Filters a schedule according to its parameters, removing any changes that do not occur within [start, end) as well as doing tag filtering. Always returns at least the last prompt in the schedule if everything would otherwise be filtered.

start=0, end=0 returns the prompt at the start and start=1.0, end=1.0 returns the prompt at the end.

ScheduleToCond

Produces a combined conditioning for the appropriate timesteps. From a schedule. Also applies LoRAs to the CLIP model according to the schedule.

ScheduleToModel

Produces a model that'll cause the sampler to reapply LoRAs at specific steps according to the schedule.

This depends on a callback handled by a monkeypatch of the ComfyUI sampler function, so it might not work with custom samplers, but it shouldn't interfere with them either.

PCSplitSampling

Causes sampling to be split into multiple sampler calls instead of relying on timesteps for scheduling. This makes the schedules more accurate, but seems to cause weird behaviour with SDE samplers. (Upstream bug?)

JinjaRender

Renders a String with Jinja2. See below for details

Older nodes

  • EditableCLIPEncode: A combination of PromptToSchedule and ScheduleToCond
  • LoRAScheduler: A combination of PromptToSchedule, FilterSchedule and ScheduleToModel

Utility nodes

StringConcat

Concatenates the input strings into one string. All inputs default to the empty string if not specified

ConditioningCutoff

Removes conditionings from the input whose timestep range ends before the cutoff and extends the remaining conds to cover the missing part. For example, set the cutoff to 1.0 to only leave the last prompt. This can be useful for HR passes.

Experiments

Cutoff node integration

If you have ComfyUI Cutoff cloned into your custom_nodes, you can use the CUT keyword to use cutoff functionality

The syntax is

a group of animals, [CUT:white cat:white], [CUT:brown dog:brown:0.5:1.0:1.0:_]

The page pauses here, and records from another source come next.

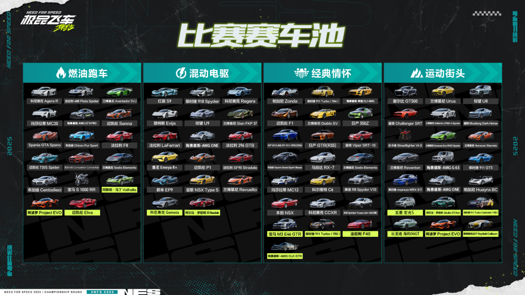 第三大局选车池刷新,全车库解锁,所有车可选,刷新后每名选手每辆赛车只能使用1次,选车不限组别。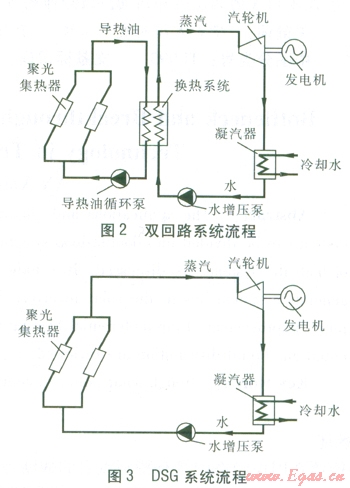 槽式太陽能發(fā)電系統(tǒng)分為雙回路系統(tǒng)(見圖2)、DSG(Direct Steam Generation,直接產蒸汽發(fā)電)系統(tǒng)(見圖3)。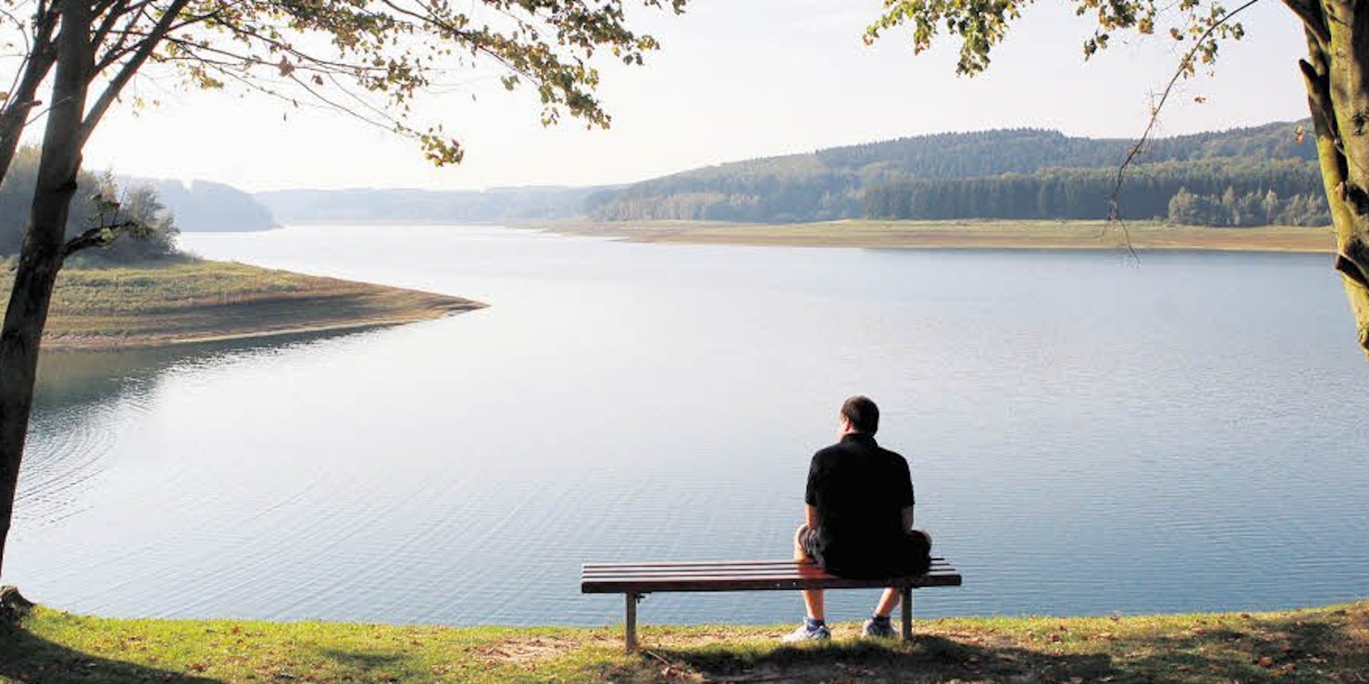 Vom Staudamm der Vorsperre Große Dhünn bei Kürten-Hutsherweg lässt sich am Rande der Dhünntalsperre der Sonnenuntergang genießen. Zu erreichen ist dieser reizvolle Genuss-Ort in einem viertelstündigem Fußmarsch vom neu gestalteten Wanderparkplatz „Reisegarten“ in Hutsherweg aus.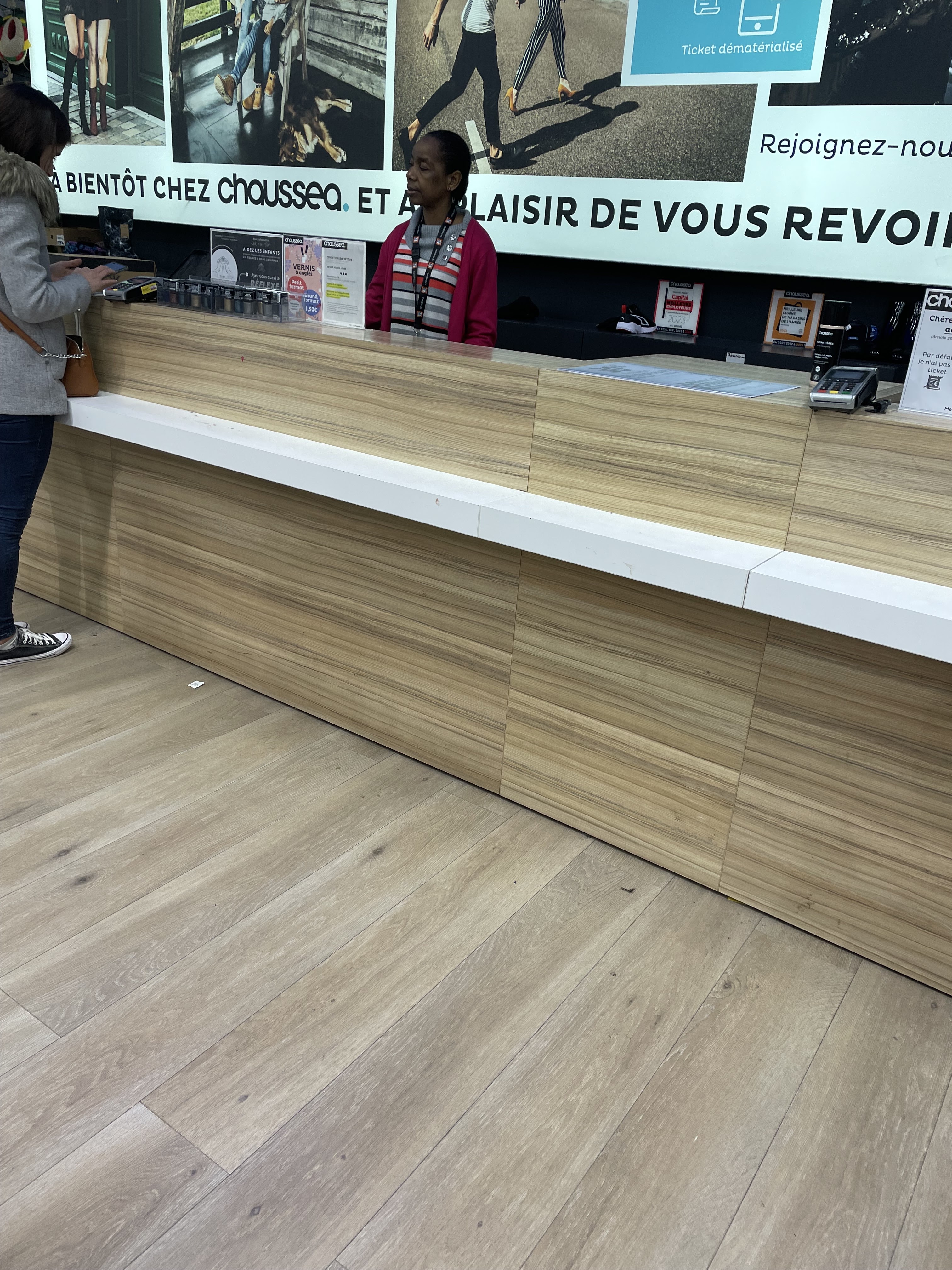 Nous sommes venus acheter des chaussures pour nos enfants aujourd’hui le magasin est dans un état catastrophique ni fait ni à faire. Pas de bonjour en rentrant pas de bonjour à l’accueil pas de beaux jours en payant rien à part un monsieur qui fait la gueule. Nous étions avec nos trois enfants. Ce monsieur n’a pas du tout été aimable. En nous encaissant. Il a même râler après notde un an et demi, car elle touchait un produit sur le comptoir, alors qu’elle était dans nos bras. Je pense que certaines personnes ont oublié le concept de commerçants. Également j’ai une carte de fidélité. J’ai donné mon nom. Ce monsieur ne m’a pas retrouvé et a été désagréable en me demandant mon code postal. Il ne me trouvait toujours pas il a essayé par numéro de téléphone et la magie il m’a trouvé je n’avais pas changé de nom de famille incroyable !!! nous avons acheté les chaussures uniquement parce que nous en avions besoin mais il est clair que nous ne reviendrons pas dans ce magasin l’autre Chausséa n’ai pas franchement mieux quel dommage il serait bon de revoir le personnel ainsi que l’agencement de votre magasin qui fait plus dépotoir que boutique. Nouvelle visite ce jour 16/11/2023 Vous avez raison je reviens une seconde fois ce jour, un jeune homme à l’entrée, incapable de me renseigner et de dire bonjour par la même occasion je lui demande une paire de chaussures. Il me dit qu’il vient de débuter. D’aller voir en caisse, je tombe sur Fatoumata qui me dit les bottes c’est là-bas je sais je suis une cliente habituelle je ne les ai pas trouvé c’est pour ça que je viens voir cette dame. Elle ne veut pas m’aider clairement. Je lui dis donc que je vais me débrouiller toute seule et je perds un quart d’heure à trouver la paire de chaussures qui était rangé dans une mauvaise boîte est toujours personne pour m’aider. je réitère donc vos commentaires et retire même encore une étoile. Franchement je ne sais pas qui est responsable de cette boutique mais il y a du tri affaire. Y’a des gens qui demande du travail et qui n’en ont pas et qui serait heureux d’être à la place de vos employés actuel, bon courage en tout cas se chaussea là c’est fini pour moi

the parameters in the CUT section are region_text:target_text:weight;strict_mask:start_from_masked:padding_token of which only the first two are required. If strict_mask, start_from_masked or padding_token are specified in more than one section, the last one takes effect for the whole prompt

Prompt interpolation

a red [INT:dog:cat:0.2,0.8:0.05] will attempt to interpolate the tensors for a red dog and a red cat between the specified range in as many steps of 0.05 as will fit.

Jinja2

You can use the JinjaRender node to evaluate a string as a Jinja2 template. Note, however, that because ComfyUI's frontend uses {} for syntax, There are the following modifications to Jinja syntax:

  • {% %} becomes <% %>
  • {{ }} becomes <= =>
  • {# #} becomes <# #>

Jinja stuff is experimental.

Functions in Jinja templates

The following functions and constants are available:

  • pi
  • min, max, clamp(minimum, value, maximum),
  • abs, round, ceil, floor
  • sqrt sin, cos, tan, asin, acos, atan. These functions are rounded to two decimals

In addition, a special steps function exists.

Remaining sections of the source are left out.